The Neural SDE models stochastic dynamics: `dy = f_\theta(t,y)dt + g_\phi(t,y)dW`, where `f` is the drift and `g` is the diffusion. This provides **built-in uncertainty quantification** since each forward pass samples a different Brownian path.

**Note:** Requires the `torchsde` package (`pip install torchsde`).

In [None]:
try:
    model_sde = NeuralSDE(
        state_dim=2, hidden_dim=32, num_layers=2,
        noise_type="diagonal", sde_type="ito",
        solver="euler", adjoint=False,
    )
    losses_sde = train_model(model_sde, z0, t_span, targets, num_epochs=100)
    print(f"Neural SDE - Final loss: {losses_sde[-1]:.6f}")
    
    # Multiple forward passes give different results (stochastic)
    model_sde.eval()
    sde_preds = []
    with torch.no_grad():
        for _ in range(5):
            pred = model_sde(z0, t_span)
            sde_preds.append(pred[0].numpy())
    sde_preds = np.array(sde_preds)
    print(f"Prediction spread (std): {sde_preds.std(axis=0).mean():.6f}")
except ImportError:
    print("torchsde not installed - skipping Neural SDE demo")
    print("Install with: pip install torchsde")
    losses_sde = None

## 5. Neural CDE

Neural Controlled Differential Equations are designed for **irregular time series**. Instead of a fixed ODE, the dynamics are driven by a continuous control signal (interpolated from observations):

`dy = f_\theta(y) dX/dt dt`

This makes them naturally suited to data with missing values or non-uniform sampling.

In [None]:
try:
    model_cde = NeuralCDE(
        state_dim=2, hidden_dim=32, num_layers=2,
        solver="rk4", adjoint=False,
    )
    losses_cde = train_model(model_cde, z0, t_span, targets, num_epochs=100)
    print(f"Neural CDE - Final loss: {losses_cde[-1]:.6f}")
except Exception as e:
    print(f"Neural CDE requires torchcde: {e}")
    losses_cde = None

## Comparison

Let's compare all trained models on training loss convergence and prediction quality.

In [None]:
fig, axes = plt.subplots(1, 2, figsize=(14, 5))

# Loss curves
axes[0].semilogy(losses_ode, label='Neural ODE')
axes[0].semilogy(losses_aug, label='Augmented ODE')
axes[0].semilogy(losses_latent, label='Latent ODE')
if losses_sde: axes[0].semilogy(losses_sde, label='Neural SDE')
if losses_cde: axes[0].semilogy(losses_cde, label='Neural CDE')
axes[0].set_xlabel('Epoch'); axes[0].set_ylabel('Loss')
axes[0].set_title('Training Loss Comparison'); axes[0].legend(); axes[0].grid(True, alpha=0.3)

# Predictions
true_np = targets[0].numpy()
axes[1].plot(t_eval, true_np[:, 0], 'k--', linewidth=2, label='True C_A')

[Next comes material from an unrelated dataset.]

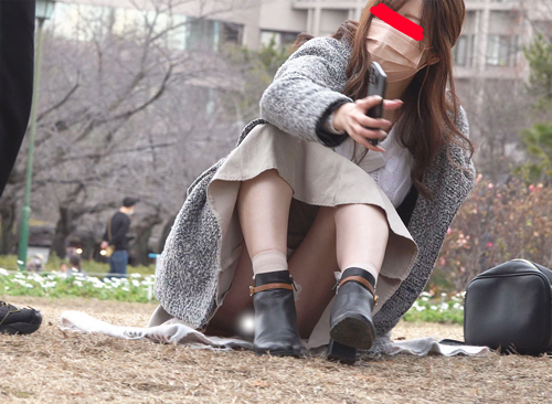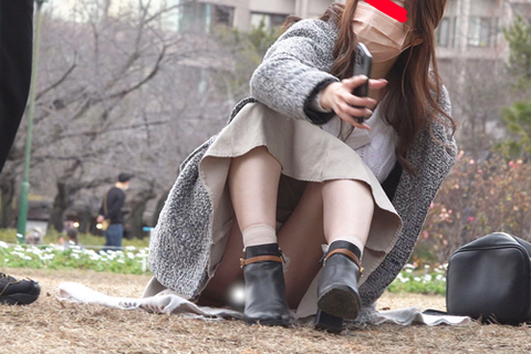 ひざ丈くらいのスカートだけど、座ったら見えちゃった

for model, name in [(model_ode, 'Neural ODE'), (model_aug, 'Augmented'), (model_latent, 'Latent')]:
    model.eval()
    with torch.no_grad():
        pred = model(z0, t_span)
    axes[1].plot(t_eval, pred[0, :, 0].numpy(), label=name)

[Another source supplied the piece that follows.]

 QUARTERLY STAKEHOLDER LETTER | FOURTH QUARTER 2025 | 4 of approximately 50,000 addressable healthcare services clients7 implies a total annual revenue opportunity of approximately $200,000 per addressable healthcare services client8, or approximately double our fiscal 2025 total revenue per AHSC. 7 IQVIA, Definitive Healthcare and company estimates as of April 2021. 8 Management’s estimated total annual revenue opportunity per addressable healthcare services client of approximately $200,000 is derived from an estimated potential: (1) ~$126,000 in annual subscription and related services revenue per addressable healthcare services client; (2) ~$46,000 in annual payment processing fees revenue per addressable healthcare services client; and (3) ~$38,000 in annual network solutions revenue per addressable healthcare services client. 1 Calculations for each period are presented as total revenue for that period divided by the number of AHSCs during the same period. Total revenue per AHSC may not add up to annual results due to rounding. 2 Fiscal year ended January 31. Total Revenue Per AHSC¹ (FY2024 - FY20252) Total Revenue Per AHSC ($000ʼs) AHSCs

axes[1].set_xlabel('Time'); axes[1].set_ylabel('C_A')
axes[1].set_title('C_A Predictions'); axes[1].legend(); axes[1].grid(True, alpha=0.3)
plt.tight_layout()
plt.show()

## Summary

| Variant | Key Feature | Best For |
|---------|-------------|----------|
| **Neural ODE** | Simple, efficient | Smooth deterministic dynamics |
| **Augmented Neural ODE** | Extended state space | Complex dynamics with crossing trajectories |
| **Latent Neural ODE** | Encoder-decoder + latent ODE | High-dimensional systems with low-dimensional intrinsic dynamics |
| **Neural SDE** | Stochastic diffusion term | Systems with inherent noise, uncertainty quantification |
| **Neural CDE** | Control-driven dynamics | Irregular time series, missing data |

All variants share the same training interface (`compute_loss`, `forward`) and can be used interchangeably in the digital twin pipeline.